Business Insurance reported on consumer advocacy groups' negative reactions to the Express Scrips - Medco merger discussed in Friday's FEHBlog entry.
Antitrust regulators could well take a hard look at how many options big companies have when they look for a pharmacy benefits contractor, said this expert [who asked not to be named].The expert is overlooking the fact that many major health insurers, including U.S. Healthcare, Aetna, and CIGNA, have their own prescription benefit manager units. Although these companies do not insure the health plans of large companies, they do administer those plans and certainly would be willing to provide PBM services too. As noted in the FEHBlog there is another rapidly growing PBM, Catalyst Health Solutions, which recently purchased Walgreen's PBM unit. Plus as noted in Friday's FEHBlog entry, the Express Scripts - Medco acquisition agreement includes divestment provisions intended to address anti-trust regulators concerns. Anti-trust regulator approval of this transaction is not a slam dunk but changes are reasonably good, in the FEHBlog's gut reaction view.
“The question is how many alternatives do large companies have?” this person asked. “When a large company goes out to bid its (drug) plan, how many options do they have?”
Last week, Standard and Poors released its updated healthcare economic indices. U.S. healthcare costs rose 5.58% over the 12 months ended May 31, 2011.

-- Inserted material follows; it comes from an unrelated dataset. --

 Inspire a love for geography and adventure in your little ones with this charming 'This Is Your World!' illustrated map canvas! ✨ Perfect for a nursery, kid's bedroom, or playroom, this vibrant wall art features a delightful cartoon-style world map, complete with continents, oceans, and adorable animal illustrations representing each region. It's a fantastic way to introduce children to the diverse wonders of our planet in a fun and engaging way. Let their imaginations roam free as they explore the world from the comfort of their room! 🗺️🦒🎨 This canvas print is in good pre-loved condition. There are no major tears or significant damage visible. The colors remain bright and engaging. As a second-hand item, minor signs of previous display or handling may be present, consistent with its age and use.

Over the year ending May 2011, healthcare costs covered by commercial insurance increased by 7.35%, as measured by the S&P Healthcare Economic Commercial Index. Medicare claim costs rose at an annual rate of 2.64%, as measured by the S&P Healthcare Economic Medicare Index. The Commercial and Medicare Indices are respectively 0.25 and 0.16 percentage points above their April 2011 annual rates.Kaiser Health News featured a roundtable of expert opinions who identified trends that have the potential to lower the healthcare cost curve.

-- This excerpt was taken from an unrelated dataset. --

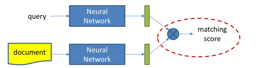 ① 表示层:计算query和doc各自的representation,如图3.2中蓝色圈所示。

The AMA News reported that beginning August 1, FAIR Health, the New York non-profit that now managed Ingenix's usual reasonable and customary databases for pricing out-of-network provider claims, will unveil its online tool to help consumers project health care bills for out-of-network services by geographic region. According to the AMA news article,
The goal is to give patients an idea of what they will be billed if they choose to see an out-of-network physician, so they can better prepare to meet out-of-pocket expenses or select a physician who charges a lower-than-average fee. The information is free and based on independent data.August 1 is also the deadline for public comment on the Health and Human Services Department's May 31 proposed rule broadly expanding the HIPAA accounting for disclosures rule to include so-called access reports. 87 comments already have been filed on this proposed rule at regulations.gov. The FEHBlog was impressed by the comments submitted by the College of Healthcare Information Management Executives, strongly opposing the access report requirement.